— Вас не узнать, курсант Сафоев, меняетесь, — тьфу-тьфу, чтоб не сглазить, — к лучшему.
На этот раз он не ехидничал, его улыбка была доброй, и Давлят тоже улыбнулся.
— Да и вы изменились, товарищ старшина, помягче вроде бы стали…
Старшина рассмеялся. Обняв Давлята, как друга, за плечи, он прошел с ним по дорожке несколько шагов и сказал:
— Забудем прошлое, брат. Вас много, а я один. Разве можно за месяц-другой изучить характер каждого? Пуд соли, говорят, надо съесть…
Хрустел под сапогами мелкий гравий, которым были посыпаны пешеходные дорожки во дворе училища. Кое-где-поблескивали лужи и сменялись тенью солнечные полосы. Деревья стояли еще голыми, но почки уже набухали; день-два — и они прорвутся нежно-зелеными клейкими листочками.
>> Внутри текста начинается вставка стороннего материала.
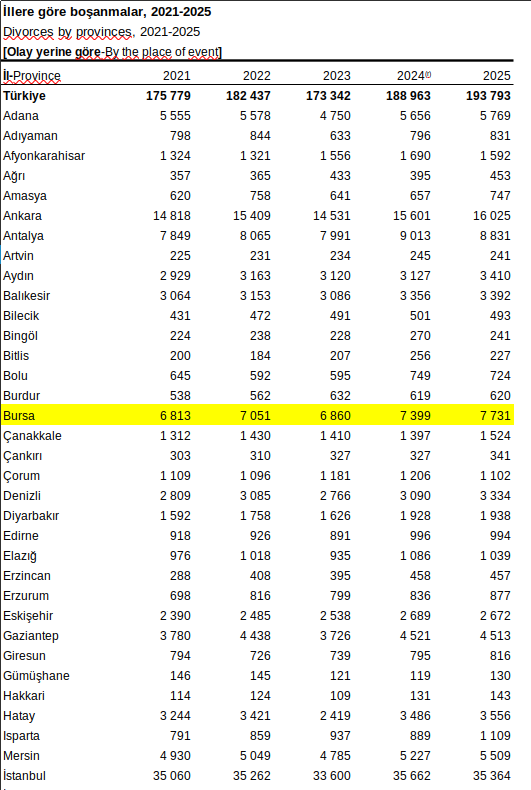 Bursa’da 2025 yılında boşanan çift sayısı ise 7 bin 731. Kaba boşanma hızı ise yüzde 2,38… 2024 yılında Bursa’da 7 bin 399 çift boşanmış, kaba boşanma hızı da 2,29 olarak belirlenmişti.

Старшине Василию Егорову крепко запомнился разговор, который состоялся с начальником училища и майором из штаба округа в день, когда Давлят подал рапорт. Нет, он не стоял навытяжку, как принято при разносах, а сидел за одним столом, справа от начальника и лицом к лицу с майором, да и не разнос это был, скорее доверительная беседа, но разве от этого он чувствовал себя легче? Сидел как на раскаленных углях. Ему говорили, что нельзя обращаться с курсантами так, как обращается он, грубо и жестко, стремясь держать их в ежовых рукавицах. Дисциплина в нашей армии, сказали, основана на высокой сознательности каждого бойца, старшина не старорежимный фельдфебель, а старший товарищ, который должен уметь настойчиво и терпеливо передавать свой опыт и знания молодым. Не только он, старшина, но весь личный состав училища должен стремиться к тому, чтобы курсанты прониклись любовью к военному делу и чтобы первое военное училище Средней Азии, которое было создано по декрету Ленина, выпускало всесторонне подготовленные, отвечающие современным требованиям военные кадры.
— Я просился в Испанию, — улучив момент, вставил Егоров.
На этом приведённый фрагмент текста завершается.